Down to you then Johnny!


----------



## John-H

rustyintegrale said:


> John-H said:
> 
> 
> 
> [Hmm... Yes it would make sense for all notifications to go out .co.uk regardless I think. The other domains are just to catch people typing in the wrong one to start with so I'm not sure why it's like that.
> 
> 
> 
> Down to you then Johnny!
Click to expand...

Ha ha! If only I had that level of tinkerability :wink: - I can raise a flag and wave it though [smiley=help.gif]


----------



## Gram TT

Hi,

could someone explain to me how to fix this login problem on my iphone? I am using safari but don't know how to rectify the problem.

Thanks,
Graham.


----------



## rustyintegrale

Gram TT said:


> Hi,
> 
> could someone explain to me how to fix this login problem on my iphone? I am using safari but don't know how to rectify the problem.
> 
> Thanks,
> Graham.


Make sure you are going to ********.co.uk in the browser, if not correct it. Then go to Settings, Safari, scroll down to the bottom and select Clear Cookies, then Clear Cache. Restart the phone.

Cheers

Rich


----------



## Dash

I'll do Chrome and Opera when I get home.

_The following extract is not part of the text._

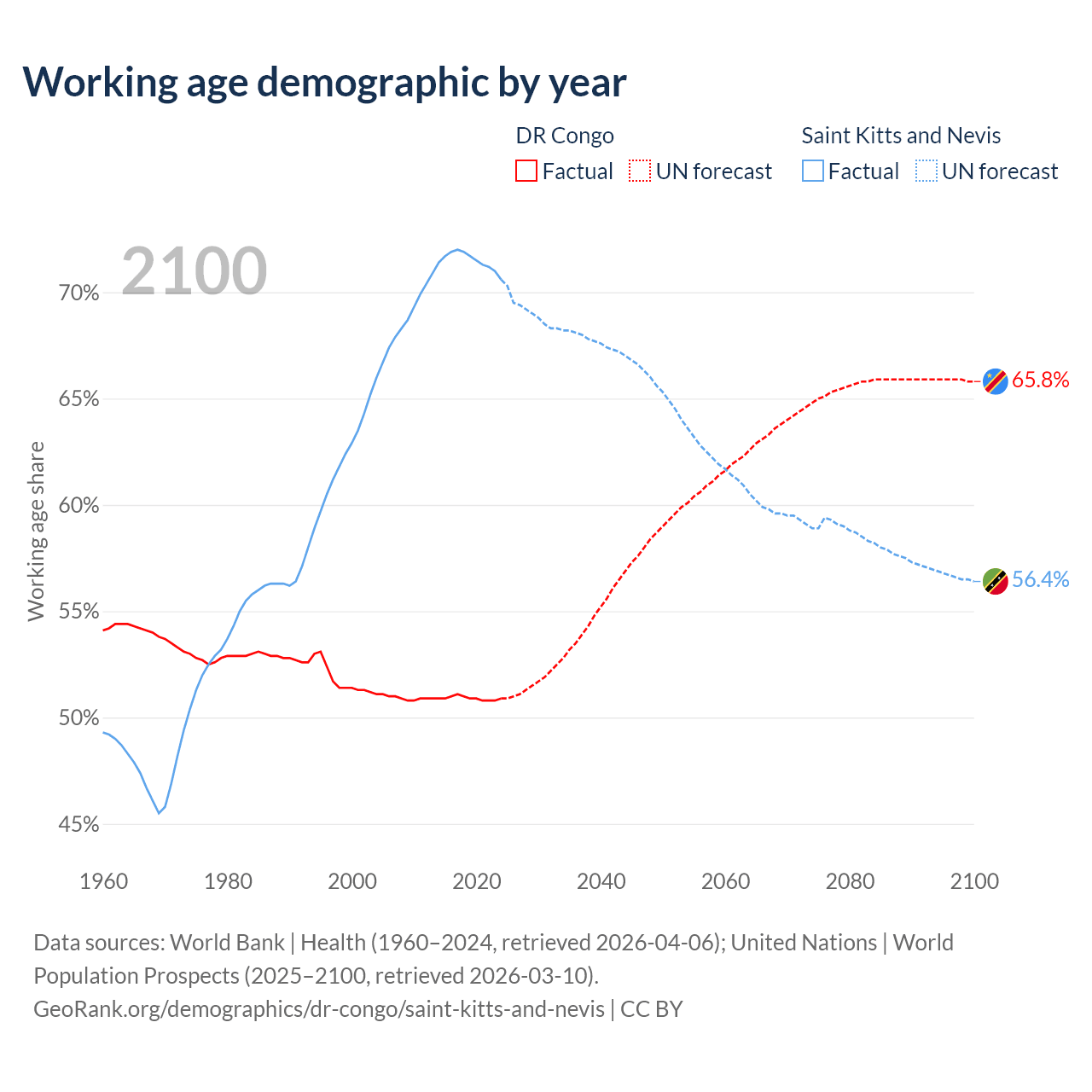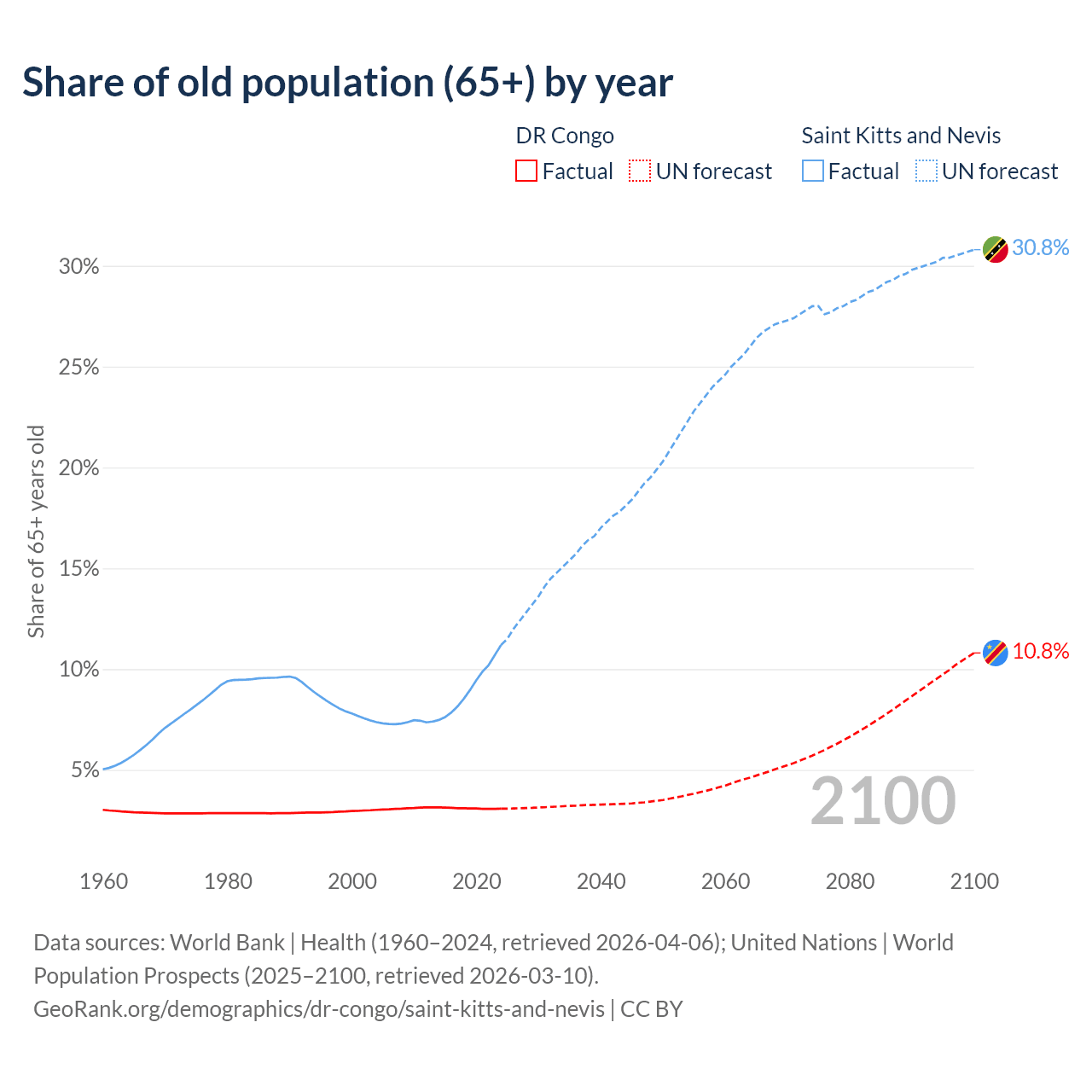 The share of older people aged 65 and over is 3.08% in the DR Congo and 11.2% in Saint Kitts and Nevis. Life expectancy in the DR Congo compared to Saint Kitts and Nevis .
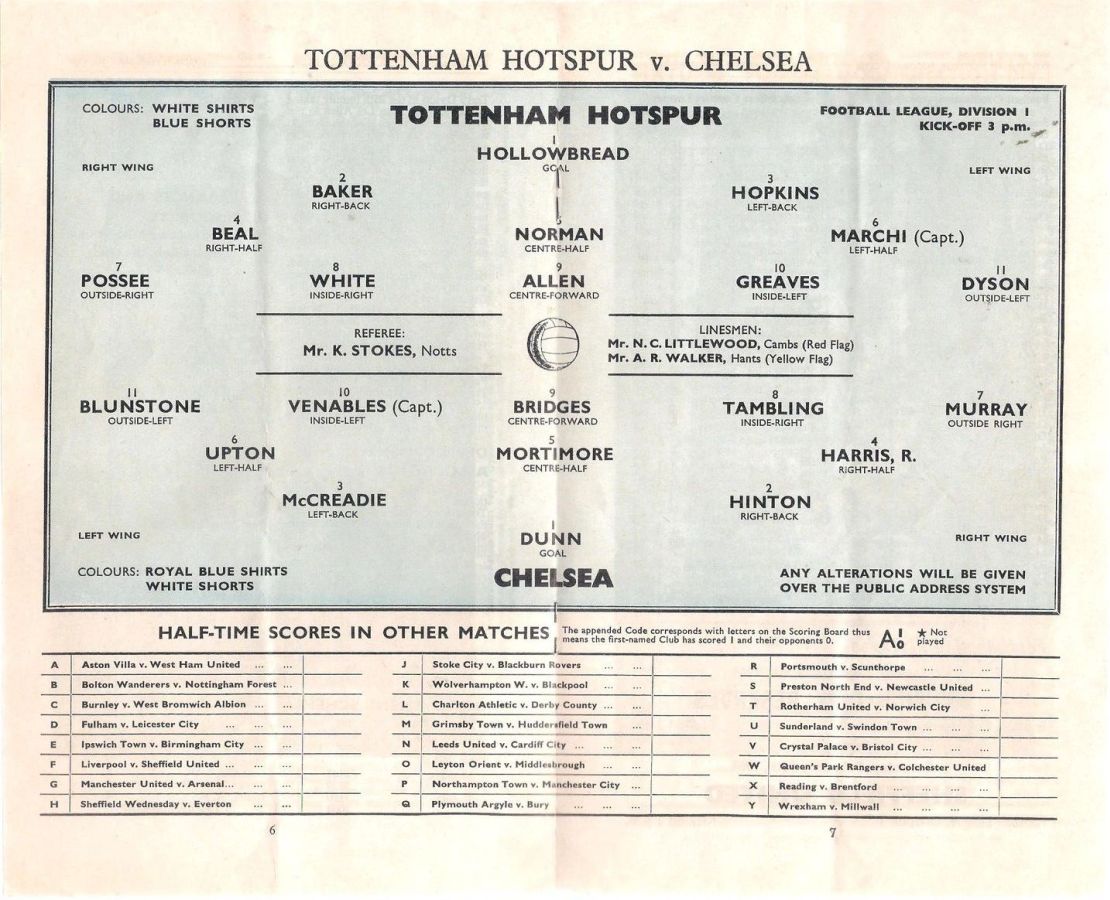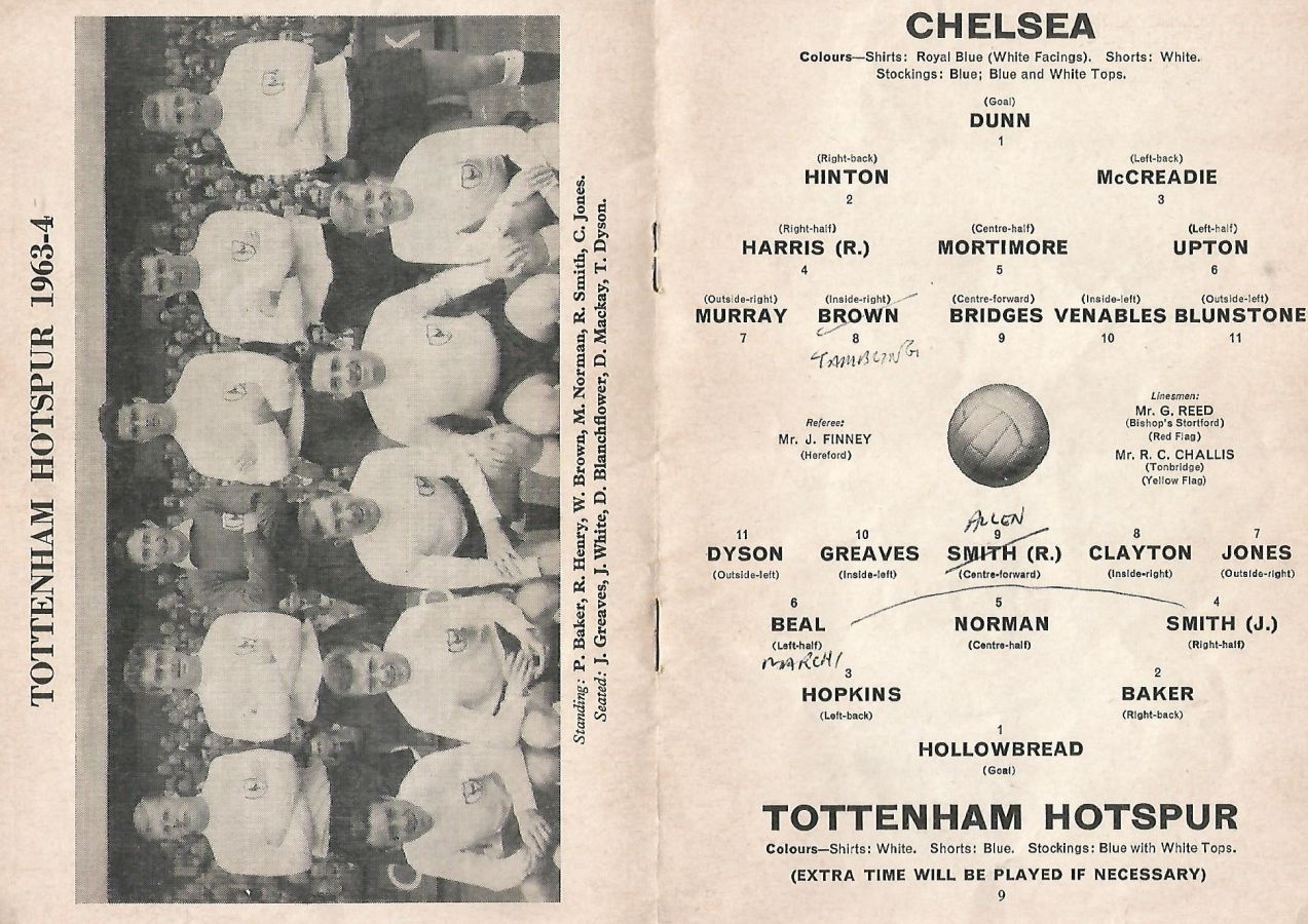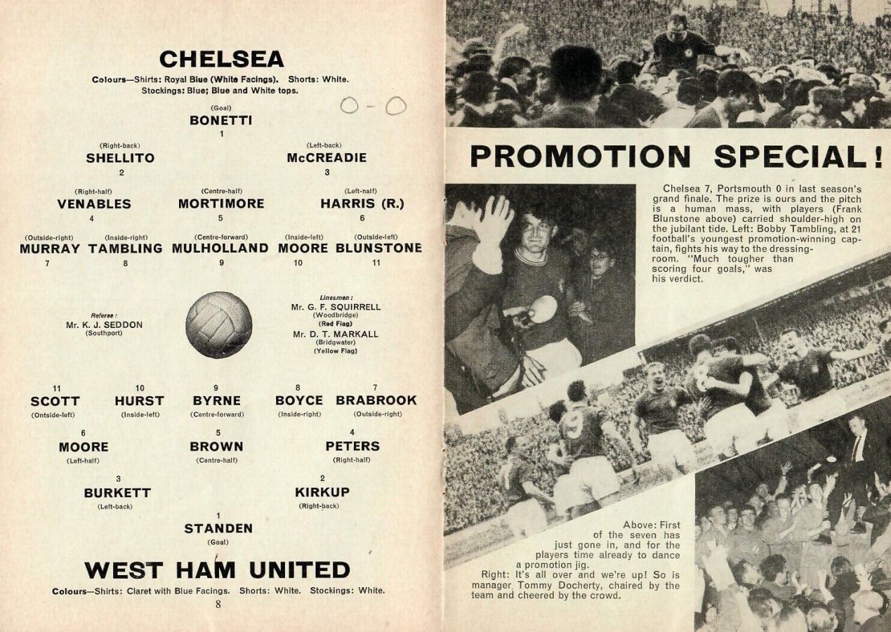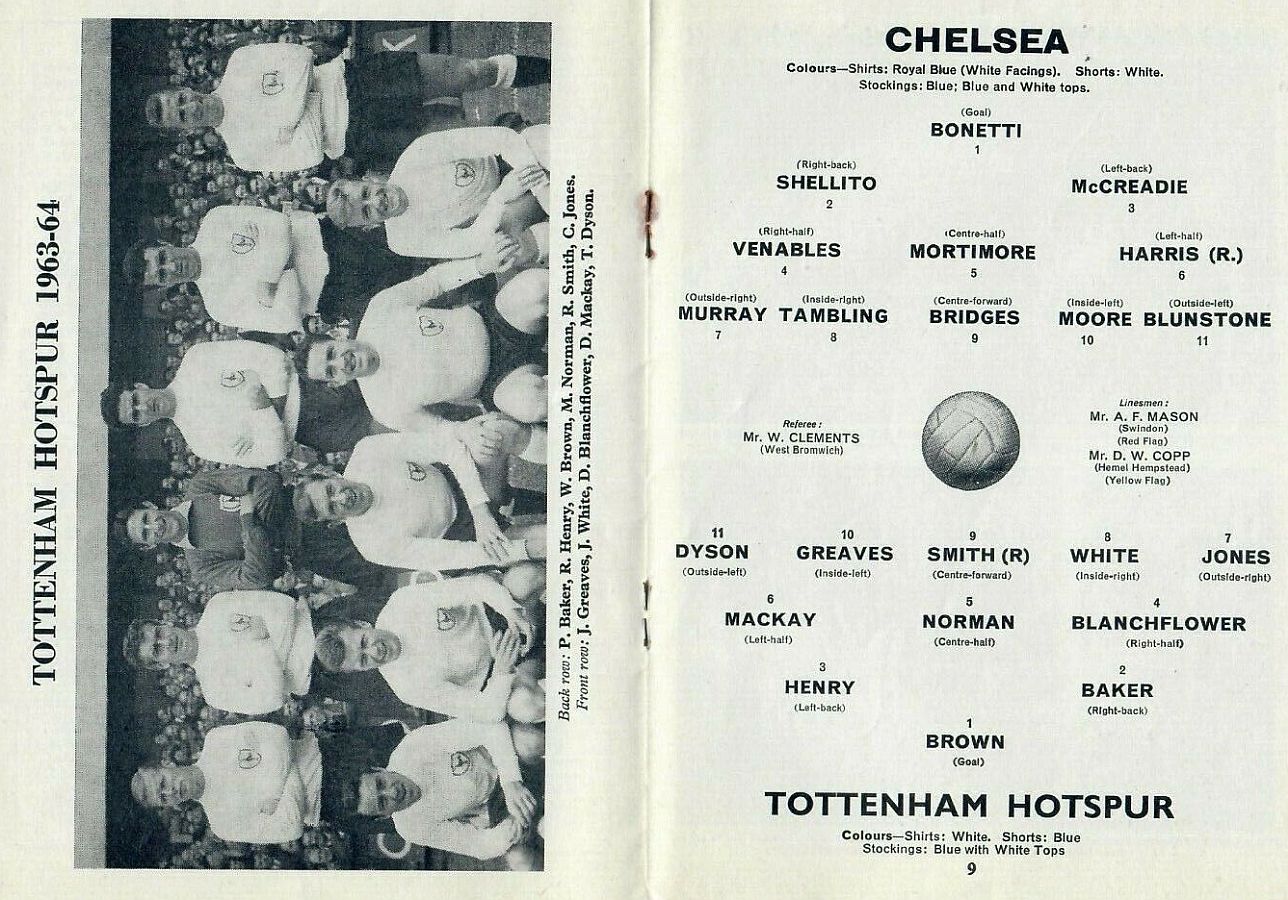 1 John Dunn, 2 Marvin Hinton, 3 Allan Harris, 4 Ron Harris, 5 John Mortimore, 6 Frank Upton, 7 Bert Murray, 8 Bobby Tambling, 9 Barry Bridges, 10 Tommy Harmer, 11 Frank Blunstone |

*Firefox 4 (if you're using an older version then you need to update)*
1. Right click anywhere on the forum (but not on links or pictures etc)
2. Select "View Page Info"








3. Select the "Security" tab
4. Click "View Cookies"








5. Highlight each of the ******** cookies (hold shift and click on the top, then the bottom in the list to select all)
6. Click "Remove Cookies"









_* Yes, I know I've visited the site nearly 7,000 times - and this is only my work computer!_


----------



## John-H

Try this:

Cookie Buster

If that doesn't work delete cookies manually from the browser (Not the link at the bottom of the forum page as that doesn't work) - from the Tools Options ect in IE etc - but make sure you don't have any other browser open when doing this, then log on from the home page on a fresh browser.


----------



## audimad

Working again, thanks to John H.


----------



## Roger Irrelevant

Cheers rusty [smiley=cheers.gif]

Been trying to log on here for a couple of weeks now.


----------